In Madrid, the lethality of the coronavirus is 13.27%; in Melilla, 2.17%: the reasons behind the differences between communities
In that 2.17% of Melilla and 13.27% of Madrid, all the autonomous communities of the country extend. That fact, the considerable differences in mortality between areas of the country, is something that one can hardly get out of your head when looking at the numbers of the epidemic.
What's going on? Why do more people die, proportionally, in Madrid or Extremadura than in the autonomous cities or in Galicia if the virus is exactly the same? The virus is the same, yes; But the epidemic changes in each community, in each province and in each hospital. The Spain of the coronavirus is so complex that not even the data that the communities give to the Ministry are comparable to each other. Why are there so many differences in the data? In this guide we summarize the main reasons.
Why do mortality figures change so much?
There are two large sets of reasons that explain the differences between autonomous communities: the first have to do with the fact that different things are happening in the different communities at the epidemiological and healthcare level. After all, it is not only that the outbreak structures have been particular in each place, but that the socioeconomic dynamics, the social stratification and the sociodemographic structure are, at times, radically different. Even healthcare capacity changes very profoundly interstate.
The other great set of reasons is methodological: each autonomous community accounts for each one of the metrics of the epidemic as it sees fit (and, moreover, they have modified the method of accounting throughout the crisis). The same Ministry has come to recognize on several occasions that the data they receive from the regional health services is not comparable. This, despite the efforts of the Health Alerts and Emergencies Coordination Center to unify them, incorporates problems into the statistics that make it difficult to understand them.

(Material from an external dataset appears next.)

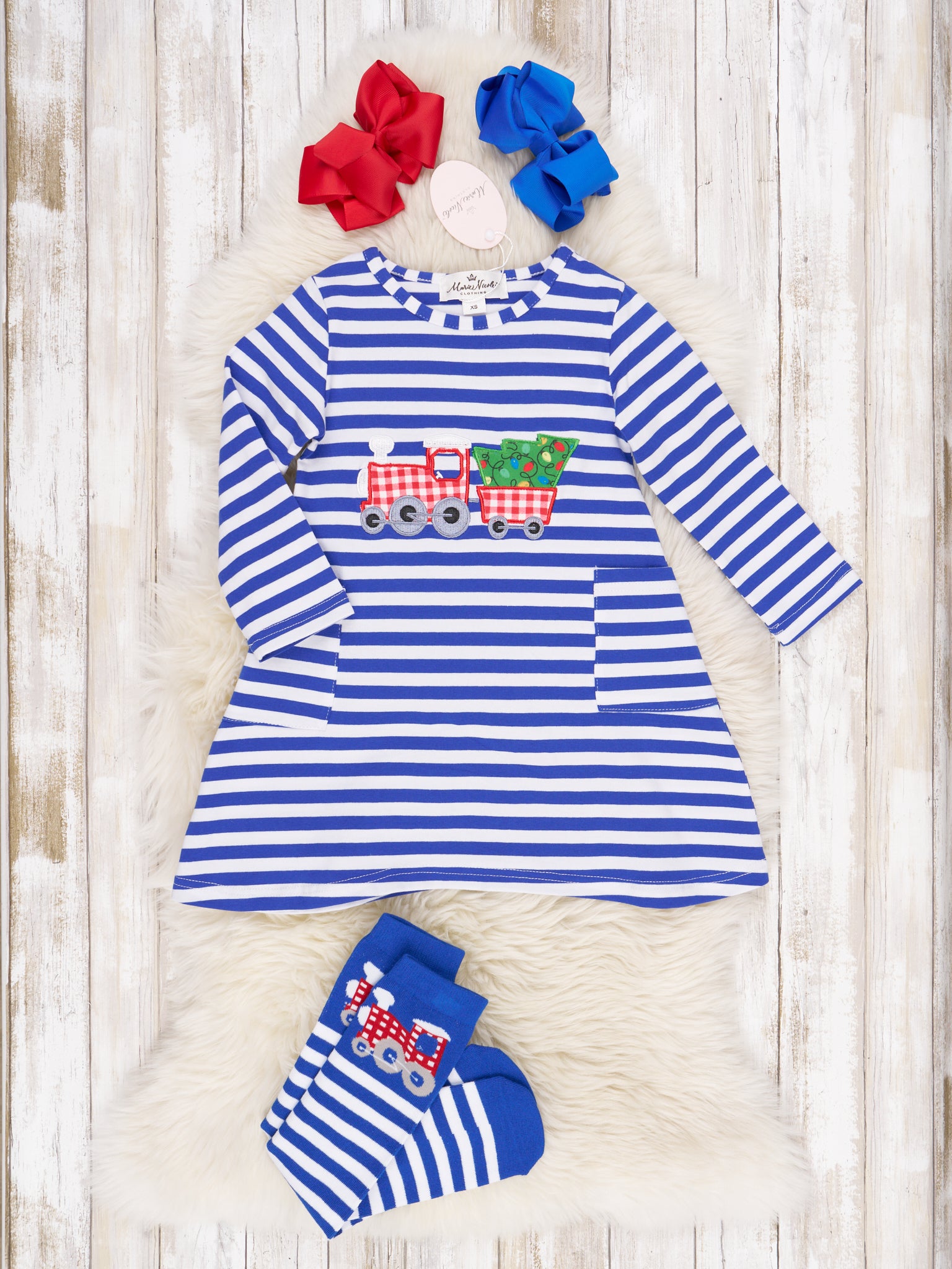 Blue Striped Christmas Tree Train Pocket Dress

We have prepared a short summary of how the different variables affect the final data to help us read the charts in the full sociodemographic, health and epidemiological context. There are more variables and, in the future, everything indicates that we will find even more: however, we believe that the ones we collect here are fundamental to understanding the phenomenon of differences.

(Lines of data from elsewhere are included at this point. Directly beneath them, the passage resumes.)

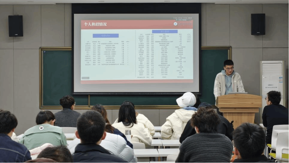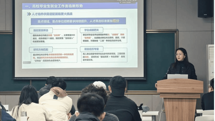 活动伊始,白洁老师以专业且全面的视角,为同学们深度剖析了当前的就业形势。她从全国就业大环境的波澜起伏,到学校整体就业情况的稳中有进;从学院毕业生的多元就业去向,到就业重点单位、领域、行业的精准聚焦,多维度、系统性地呈现了当下的就业图景。同时,结合一个个鲜活的实际案例,分享了实用的求职技巧,鼓励同学们未雨绸缪,提前为就业做好充分准备。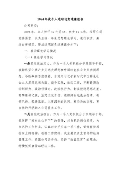 / 【七哥公文】2025年:2024年度个人述职述责述廉报告+更多免费公文+VX:QiGeGongWen2024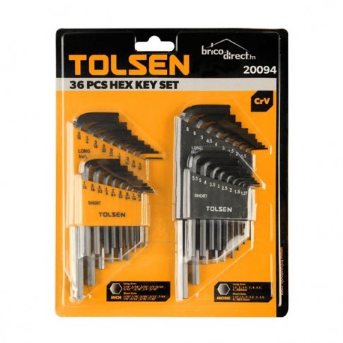 Jeu de 36 clés mâles HEX longues (Appelées aussi Clés ALLEN) noires en métrique et également en impériale (en pouces)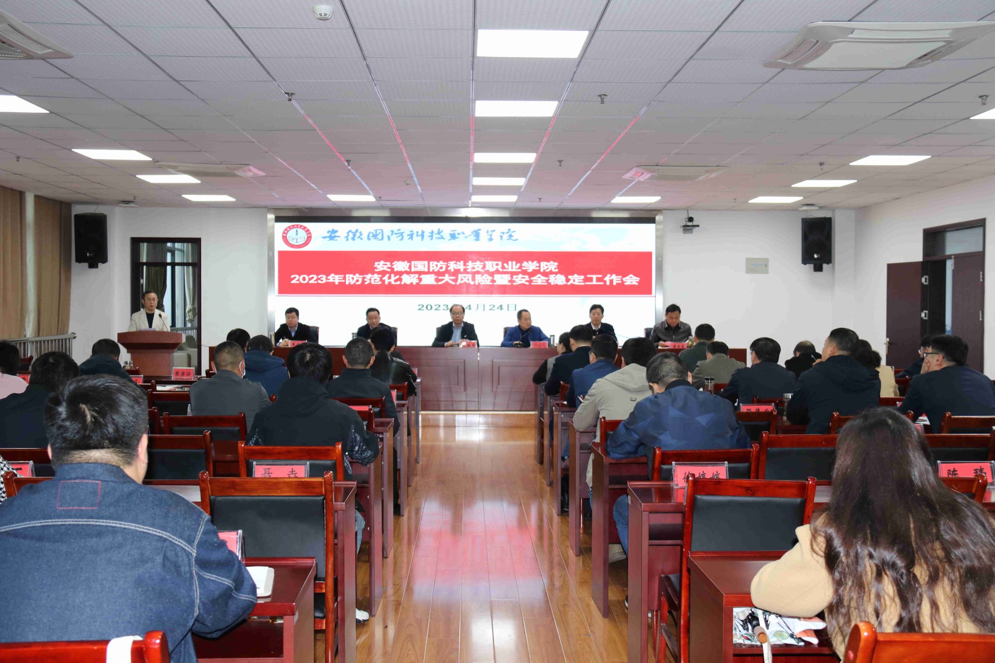 4月24日上午,学校在秉心楼12楼会议室召开2023年防范化解重大风险暨安全稳定工作会议,会议由党委副书记冯伦久主持,校领导李麟书、丁守宝、袁旗、李存鹏出席会议,各职能部门主要负责同志、各二级学院中层正副职、安委会成员、辅导员参加了会议。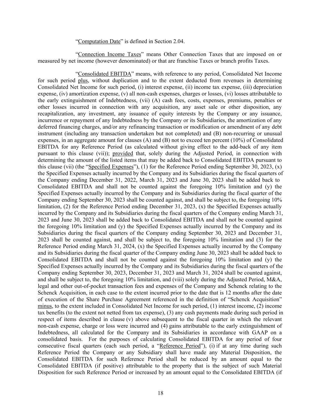 “Computation Date” is defined in Section 2.04. “Connection Income Taxes” means Other Connection Taxes that are imposed on or measured by net income (however denominated) or that are franchise Taxes or branch profits Taxes. “Consolidated EBITDA” means, with reference to any period, Consolidated Net Income for such period plus, without duplication and to the extent deducted from revenues in determining Consolidated Net Income for such period, (i) interest expense, (ii) income tax expense, (iii) depreciation expense, (iv) amortization expense, (v) all non-cash expenses, charges or losses, (vi) losses attributable to the early extinguishment of Indebtedness, (vii) (A) cash fees, costs, expenses, premiums, penalties or other losses incurred in connection with any acquisition, any asset sale or other disposition, any recapitalization, any investment, any issuance of equity interests by the Company or any issuance, incurrence or repayment of any Indebtedness by the Company or its Subsidiaries, the amortization of any deferred financing charges, and/or any refinancing transaction or modification or amendment of any debt instrument (including any transaction undertaken but not completed) and (B) non-recurring or unusual expenses, in an aggregate amount for clauses (A) and (B) not to exceed ten percent (10%) of Consolidated EBITDA for any Reference Period (as calculated without giving effect to the add-back of any item pursuant to this clause (vii)); provided that, solely during the Adjusted Period, in connection with determining the amount of the listed items that may be added back to Consolidated EBITDA pursuant to this clause (vii) (the “Specified Expenses”), (1) for the Reference Period ending September 30, 2023, (x) the Specified Expenses actually incurred by the Company and its Subsidiaries during the fiscal quarters of the Company ending December 31, 2022, March 31, 2023 and June 30, 2023 shall be added back to Consolidated EBITDA and shall not be counted against the foregoing 10% limitation and (y) the Specified Expenses actually incurred by the Company and its Subsidiaries during the fiscal quarter of the Company ending September 30, 2023 shall be counted against, and shall be subject to, the foregoing 10% limitation, (2) for the Reference Period ending December 31, 2023, (x) the Specified Expenses actually incurred by the Company and its Subsidiaries during the fiscal quarters of the Company ending March 31, 2023 and June 30, 2023 shall be added back to Consolidated EBITDA and shall not be counted against the foregoing 10% limitation and (y) the Specified Expenses actually incurred by the Company and its Subsidiaries during the fiscal quarters of the Company ending September 30, 2023 and December 31, 2023 shall be counted against, and shall be subject to, the foregoing 10% limitation and (3) for the Reference Period ending March 31, 2024, (x) the Specified Expenses actually incurred by the Company and its Subsidiaries during the fiscal quarter of the Company ending June 30, 2023 shall be added back to Consolidated EBITDA and shall not be counted against the foregoing 10% limitation and (y) the Specified Expenses actually incurred by the Company and its Subsidiaries during the fiscal quarters of the Company ending September 30, 2023, December 31, 2023 and March 31, 2024 shall be counted against, and shall be subject to, the foregoing 10% limitation, and (viii) solely during the Adjusted Period, M&A, legal and other out-of-pocket transaction fees and expenses of the Company and Schenck relating to the Schenck Acquisition, in each case to the extent incurred prior to the date that is 12 months after the date of execution of the Share Purchase Agreement referenced in the definition of “Schenck Acquisition” minus, to the extent included in Consolidated Net Income for such period, (1) interest income, (2) income tax benefits (to the extent not netted from tax expense), (3) any cash payments made during such period in respect of items described in clause (v) above subsequent to the fiscal quarter in which the relevant non-cash expense, charge or loss were incurred and (4) gains attributable to the early extinguishment of Indebtedness, all calculated for the Company and its Subsidiaries in accordance with GAAP on a consolidated basis. For the purposes of calculating Consolidated EBITDA for any period of four consecutive fiscal quarters (each such period, a “Reference Period”), (i) if at any time during such Reference Period the Company or any Subsidiary shall have made any Material Disposition, the Consolidated EBITDA for such Reference Period shall be reduced by an amount equal to the Consolidated EBITDA (if positive) attributable to the property that is the subject of such Material Disposition for such Reference Period or increased by an amount equal to the Consolidated EBITDA (if 18

What is happening in the different Communities?
They are at different stages of the epidemic
In Spain, unlike other countries such as China or Italy, the measures were applied to the entire country at almost the same time. There is some variation of days in the closing of schools, but (in general terms) it was very homogeneous. However, not all communities were in the same phase of the epidemic. For practical purposes, this means that not all communities intervened at the same moment of evolution (and, therefore, in some it would be late and in others it would be early).

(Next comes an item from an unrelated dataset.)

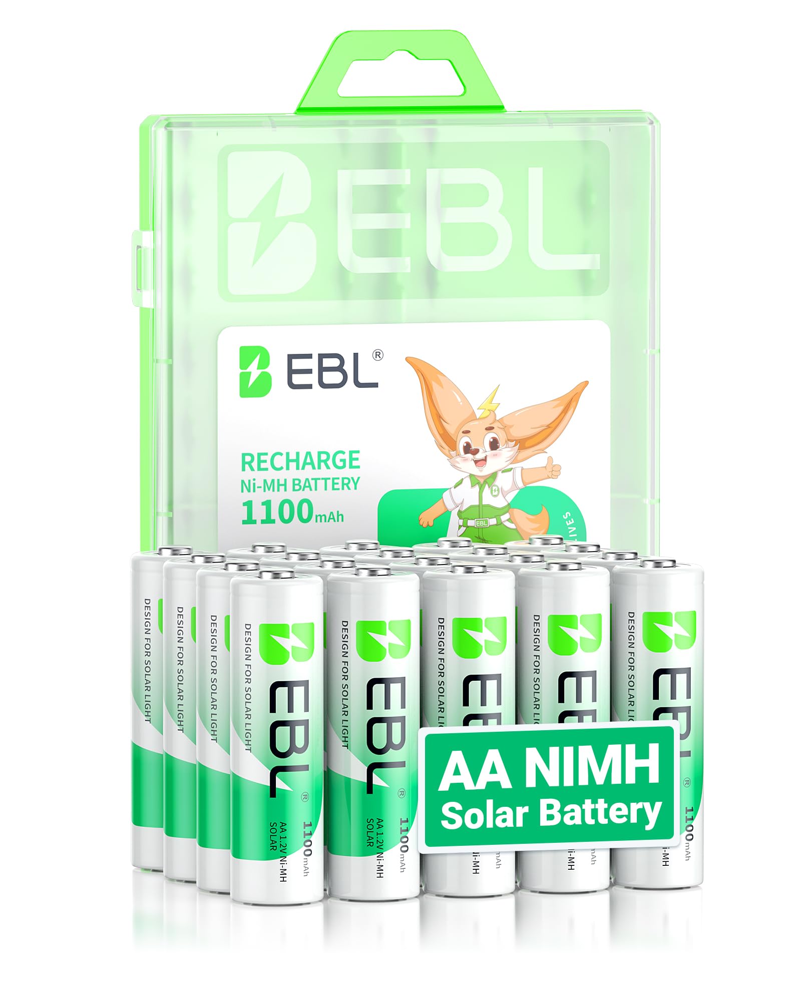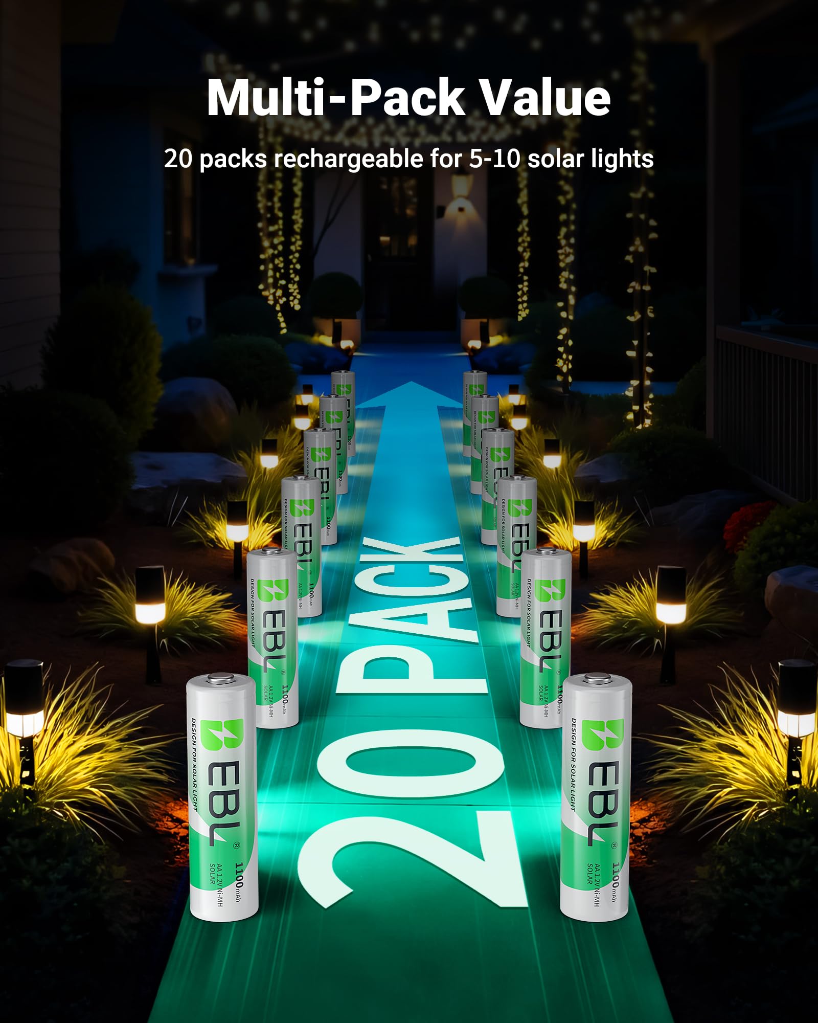 Great Quality AA Rechargeable Battery: EBL 20 packs aa rechargeable batteries—1100mAh 1.2V AA batteries with large capacity for outdoor solar lights garden lights string light lawn lights, TV remotes, wireless mouse and keyboards, gaming controllers, RC remotes, toys, flash lights, bringing great convenience in daily usage.

In recent weeks, there has been a lot of talk about what we might call the "multiplier effect of delaying action by one day." The fact that taking action sooner or later has a very important impact (more than we could intuitively believe) in the evolution of the epidemic. The differences we are encountering may be due, in part, to this: for relative purposes, there were communities that arrived at the measures much earlier than others (and the evolution of these has been much better).
The virus has affected different groups
There is a whole set of factors that have to do with what the internal dynamics (family, social and economic) are like in different societies. Many experts argue that these particular dynamics cause that, in the early stages of the pandemic, before it reaches large layers of the population, the composition of the outbreak is not identical (something that can produce differences in mortality). The best known hypothesis was the one made by Moritz Kuhn and Christian Bayer, two professors of economics from the University of Bonn, and they were trying to explain that the social networks that already existed in societies are fundamental for the disease to spread.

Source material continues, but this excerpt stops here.